Diesel autos are a illusion of increased efficiency

I don’t get it. Packing the same amount of useable energy into a smaller volume of fuel is pretty much the definition on that fuel being more efficient.

Are you saying that it takes more crude oil to produce one gallon of diesel than it does to produce one gallon of gasoline?

If you can cite and quantify THAT, there may be basis for a discussion.

I think to measure the efficiency of an engine the way the OP might be attempting, you have to consider how much energy is required to construct and maintain the cars, plus the amount of crude oil needed to keep the car going as fuel and lubricant. Then you have to operate the cars under a wide variety of conditions through the life of the engine. For given conditions you could determine the difference in efficiency to a reasonable degree of accuracy. That would be another statistic ignored by people when purchasing a car, or used as an excuse to spend more than you should on a car.

I think the point he’s trying to make is that while how much energy goes into a gallon is something to consider (ie total range of a car and such), if diesel takes more resources to produce/buy/etc. to offset its energy density advantage then the per-gallon advantage it has as a fuel would be illusory. Or to take another example, let’s say we could somehow condense gasoline so that there’s double the energy per gallon. Now you could say “wow, amazing, the doublegas engine can drive twice as many miles on the same gas!”, but if doublegas took twice the resources to produce and cost twice as much it wouldn’t really have an efficiency edge on regular gas, except that it’d take up less volume. To say in this scenario “doublegas is twice as good as regular gas!” ignores the differences in cost/production difficutly/etc. It would be twice as volume-efficient, but not necesarily anymore cost/energy/production/etc efficient.

Now, I have no idea if his idea has any basis in reality.
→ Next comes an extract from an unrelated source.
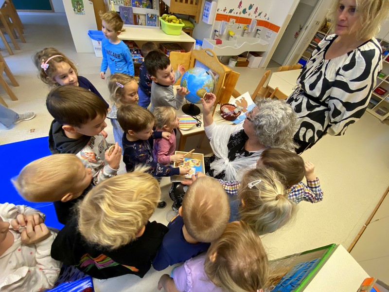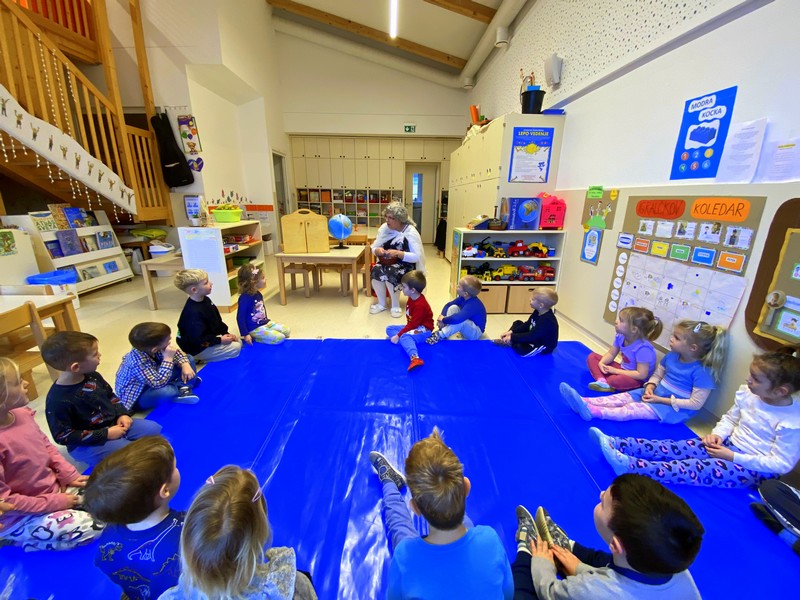 Babica Zima se je Igralčkom pridružila med jutranjim razgibavanjem ob glasbi, kar jo je precej utrudilo. Saj veste, kako pravijo babice, da so že dolgo na svetu … in v tistem trenutku je zagledala globus, na katerem je »cel svet«. Otroci so ji razložili, kje prebivajo pingvini in kje Eskimi gradijo igluje. V njeni torbi se je poleg lesenega butaja z ilustracijami in fotografijami ter naglavnimi trakovi z motivi živali iz pravljice, znašla še nova didaktična igrica s podobami živalic, ki jih bodo lahko razporejali glede na barve ozemlja, kjer živijo.

Is creating diesel harder than creating gasoline? Does it take more resources to refine it, and does that offset the higher energy density it has? Do you have to use more raw materials in creating it - that is, does more of the stuff coming out a well go into making a gallon of diesel than a gallon of gas?
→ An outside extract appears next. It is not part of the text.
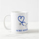 Créez un cadeau sucré personnalisé pour votre infirmière ou votre médecin préféré. Cette tasse à café présente une illustration d'un stéthoscope bleu en bleu et est prête à être personnalisée avec votre nom ou autre message.

I suspect he’s not really making a valid point, but I don’t know enough about the subject to judge the merits, and I thought I’d try to at least clear up a miscommunication.

I don’t really agree with that. Diesel and gasoline engines are both heat engines. They can be modelled thermodynamically as taking heat from a “hot reservoir”, converting a fraction of it into “work” (the form of energy that does useful things like apply a sustained push in one direction over a distance) and exhausting the remaining heat into a “cold reservoir”. The “hot reservoir” is simulated by the heat released by oxidising the fuel and the cold reservoir is the outside world, but that doesn’t affect the theory. Heat engines are fundamentally limited from being 100% efficient, and practical limits of materials means that they generally don’t even get close.
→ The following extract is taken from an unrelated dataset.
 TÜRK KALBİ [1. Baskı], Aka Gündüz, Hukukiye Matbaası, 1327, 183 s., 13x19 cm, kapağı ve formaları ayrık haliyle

Diesels convert a greater proportion of their fuel’s heat into work - it’s that simple. The fact that diesel fuel contains more energy than gasoline per unit volume makes their efficiency in mpg look somewhat better than the simple engine efficiency would merit, but the engine is still fundamentally more efficient than a spark ignition.

Technically you could make a diesel engine that ran on gasoline - the trouble is that gasoline burns slower than diesel (more on this in a moment) so the gasoline diesel would have to spray its fuel droplets very much more finely to get the same burn rate.

We’re not used to thinking of gasoline being a slow-burning fuel and diesel being fast-burning because their flashpoints are so different. At room-temperature, a pool of gasoline produces a layer of vapour that’s within its flammability limits so gasoline is readily easily ignited. Diesel at room temperature has too low a vapour pressure to ignite without a wick, so we think of diesel as the slowpoke fuel. As a spray of droplets in a cylinder in hot air compressed to several hundreds of degrees C, diesel is the fast burner and gasoline is too slow, which is why gasoline in a current diesel runs with low power and produces lots of smoke. A diesel-cycle engine designed to run on gasoline would however give a better mpg than a spark-ignition engine even though they used the same fuel.

The hybrid comparison isn’t exactly cheating, except there’s no practical reason why you couldn’t have a diesel hybrid and beat both gasoline and diesel economy. The main reason why it isn’t done is probably the expense for relatively little payback. Electric hybrids lose a fair bit of energy in the charging-discharging cycles of the battery and have a lot of additional weight which makes the regenerative braking less useful than it might be. A diesel hybrid would reveal the fundamental weaknesses of the whole electric-hybrid concept. Hydraulic-hybrids with a short-term accumulator for efficient regenerative braking and monster acceleration, that’s a vehicle I’d like to see!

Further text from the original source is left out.